Data shown —
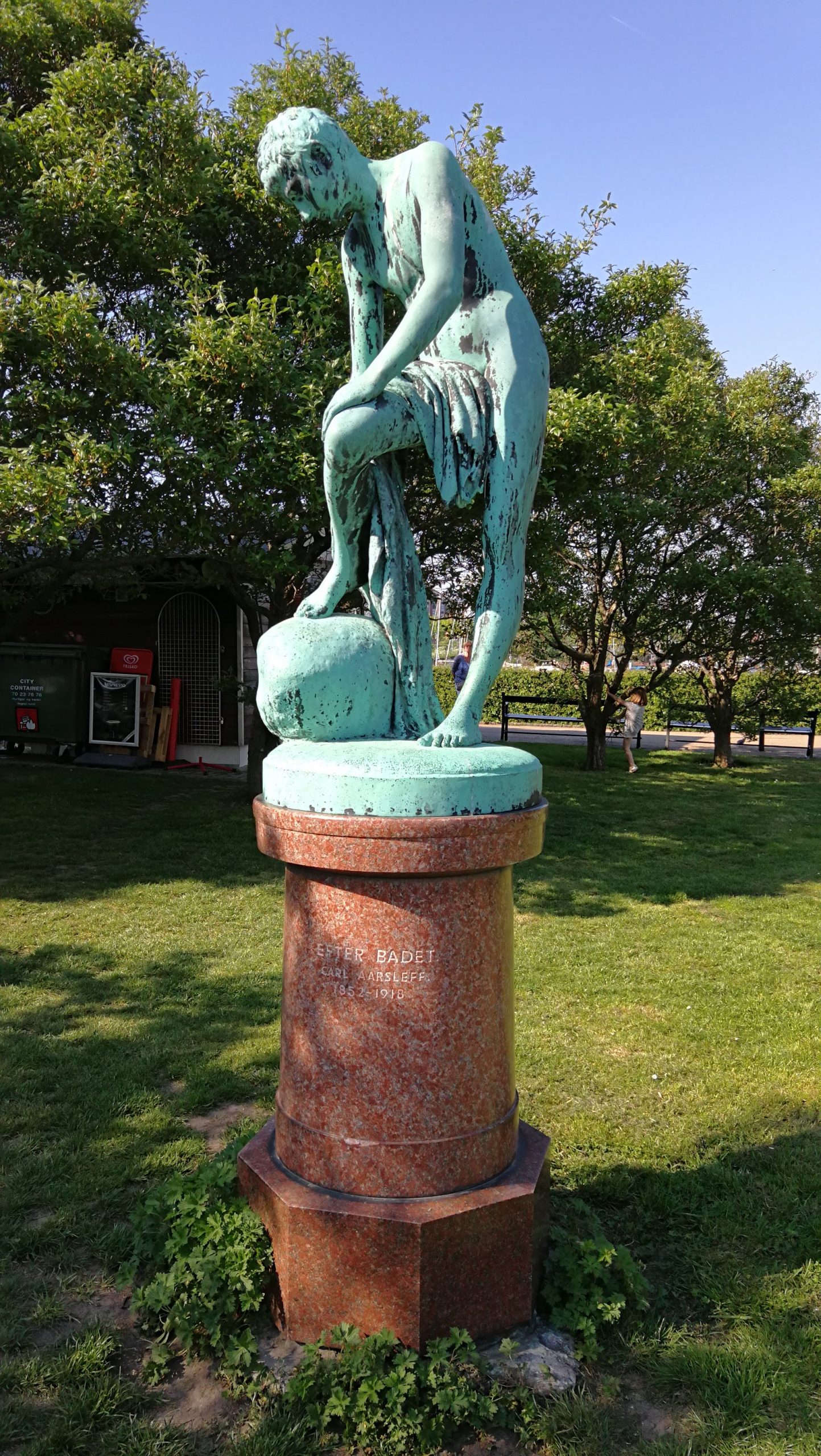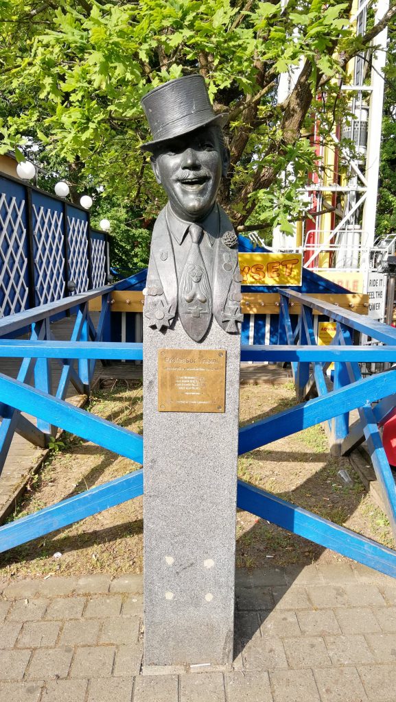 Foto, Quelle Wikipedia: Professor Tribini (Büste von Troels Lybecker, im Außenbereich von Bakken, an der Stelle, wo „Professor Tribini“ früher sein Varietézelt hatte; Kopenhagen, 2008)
---
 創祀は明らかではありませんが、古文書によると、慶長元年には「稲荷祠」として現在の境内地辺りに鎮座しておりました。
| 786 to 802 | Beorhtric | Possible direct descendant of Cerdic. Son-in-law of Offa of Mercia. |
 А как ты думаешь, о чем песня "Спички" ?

What is needed — Of all the entries above, output exactly the lines between the one holding "創祀は明らかではありませんが" and the one holding "А как ты думаешь, о", inclusive.

Result for this exercise —
 創祀は明らかではありませんが、古文書によると、慶長元年には「稲荷祠」として現在の境内地辺りに鎮座しておりました。
| 786 to 802 | Beorhtric | Possible direct descendant of Cerdic. Son-in-law of Offa of Mercia. |
 А как ты думаешь, о чем песня "Спички" ?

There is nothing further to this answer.